1 The Cesters Over corn mill on the River Swift is doubtless the successor to the mill attached to the manor in 1086. Both a watermill and windmill belonged to the manor in 1545.
2 The watermill ceased working in the 1930s and the buildings were used as labourers’ cottages until c1940 when they were demolished (information from the owner). Fragments of 18th century and 19th century brick walling remain visible together with the overshot metal wheel, iron machinery, wooden sluicing and grinding stones. The mill race is extensively mutilated.
3 The Mill is marked on an estate map of 1691.

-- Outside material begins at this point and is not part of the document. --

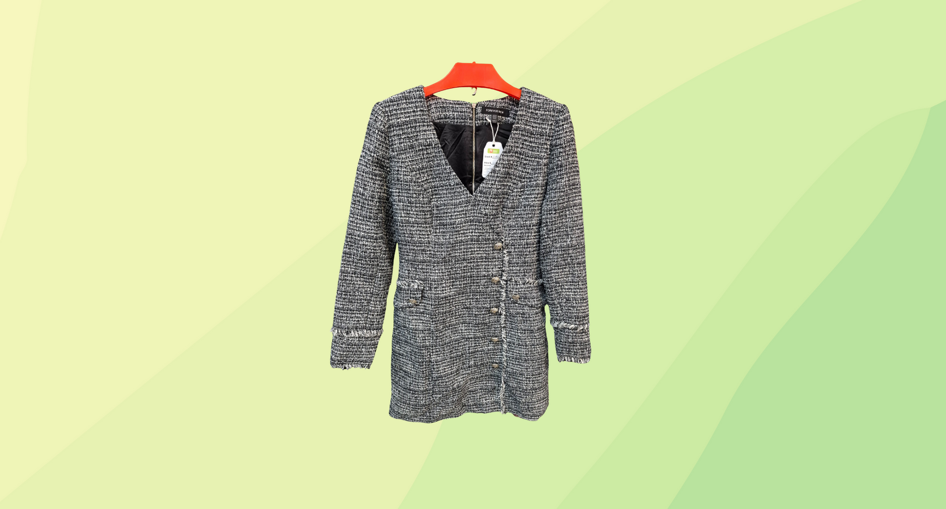 Forever New Katerina Boucle Blazer Dress - Size 10 - Black/Grey

4 All that remains of the mill are a few brick walls, less than 0.3m high, various anomalous earthworks, traces of the millrace and weir, and a lot of brick rubble in the adjoining ploughed field.
5 Fragment of a Medieval bronze vessel, 14th century or 15th century, found at SP5181.

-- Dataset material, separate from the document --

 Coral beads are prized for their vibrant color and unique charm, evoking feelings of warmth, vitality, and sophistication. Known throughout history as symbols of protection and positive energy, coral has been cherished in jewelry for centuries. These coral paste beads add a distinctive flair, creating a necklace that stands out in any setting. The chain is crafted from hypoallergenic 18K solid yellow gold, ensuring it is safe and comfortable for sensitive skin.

6 Cesters Over Corn Mill marked on OS 1886 1:10560.
- For the sources of these notes, see the
- Timetrail record
- produced by the Historic Environment Record.
Comments
Hi, I am researching a direct ancestor 5 generations back, William Cotton born 1795 Cestersover, Warwickshire. His wifes name was Eliza and his children, Mary & Sophia.
Willam Cotton occupation was a Miller.
” 1851 Census” he resided at…..
Cestersover Mill, Hamlet Cestersover, Monks Kirby, Leicestershire, England
1851.
Any help would be appreciated, as Iam now stuck on my family tree.
If possible I would like to visit the mill site one day, tovme what went before is very important.
Not so easy now for my mother at 98 yrs of age but her father, my grandfather was like some other members of the family line named after William Cotton…..My grandfather was named Thomas Cotton Burke.